The first, which took place on the scale of millennia, was the transition from the anarchy of the hunting, gathering, and horticultural societies in which our species spent most of its evolutionary history to the first agricultural civilizations with cities and governments, beginning around five thousand years ago. With that change came a reduction in the chronic raiding and feuding that characterized life in a state of nature and a more or less fivefold decrease in rates of violent death. I call this imposition of peace the Pacification Process.

The second transition spanned more than half a millennium and is best documented in Europe. Between the late Middle Ages and the 20th century, European countries saw a tenfold-to-fiftyfold decline in their rates of homicide. In his classic book The Civilizing Process, the sociologist Norbert Elias attributed this surprising decline to the consolidation of a patchwork of feudal territories into large kingdoms with centralized authority and an infrastructure of commerce. With a nod to Elias, I call this trend the Civilizing Process.

The third transition unfolded on the scale of centuries and took off around the time of the Age of Reason and the European Enlightenment in the 17th and 18th centuries (though it had antecedents in classical Greece and the Renaissance, and parallels elsewhere in the world). It saw the first organized movements to abolish socially sanctioned forms of violence like despotism, slavery, dueling, judicial torture, superstitious killing, sadistic punishment, and cruelty to animals, together with the first stirrings of systematic pacifism. Historians sometimes call this transition the Humanitarian Revolution.

The fourth major transition took place after the end of World War II. The two-thirds of a century since then have been witness to a historically unprecedented development: the great powers, and developed states in general, have stopped waging war on one another. Historians have called this blessed state of affairs the Long Peace.

The fifth trend is also about armed combat but is more tenuous. Though it may be hard for news readers to believe, since the end of the Cold War in 1989, organized conflicts of all kinds—civil wars, genocides, repression by autocratic governments, and terrorist attacks—have declined throughout the world. In recognition of the tentative nature of this happy development, I will call it the New Peace.
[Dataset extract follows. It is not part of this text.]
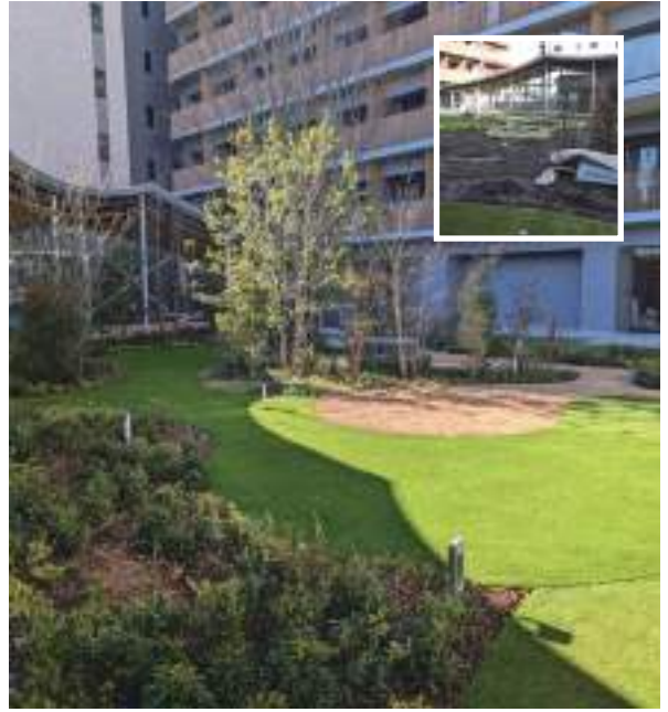
belgravia38mm(他3種) ・ 冷却効果セーフシエル

Finally, the postwar era, symbolically inaugurated by the Universal Declaration of Human Rights in 1948, has seen a growing revulsion against aggression on smaller scales, including violence against ethnic minorities, women, children, homosexuals, and animals. These spin-offs from the concept of human rights—civil rights, women’s rights, children’s rights, gay rights, and animal rights—were asserted in a cascade of movements from the late 1950s to the present day which I will call the Rights Revolutions.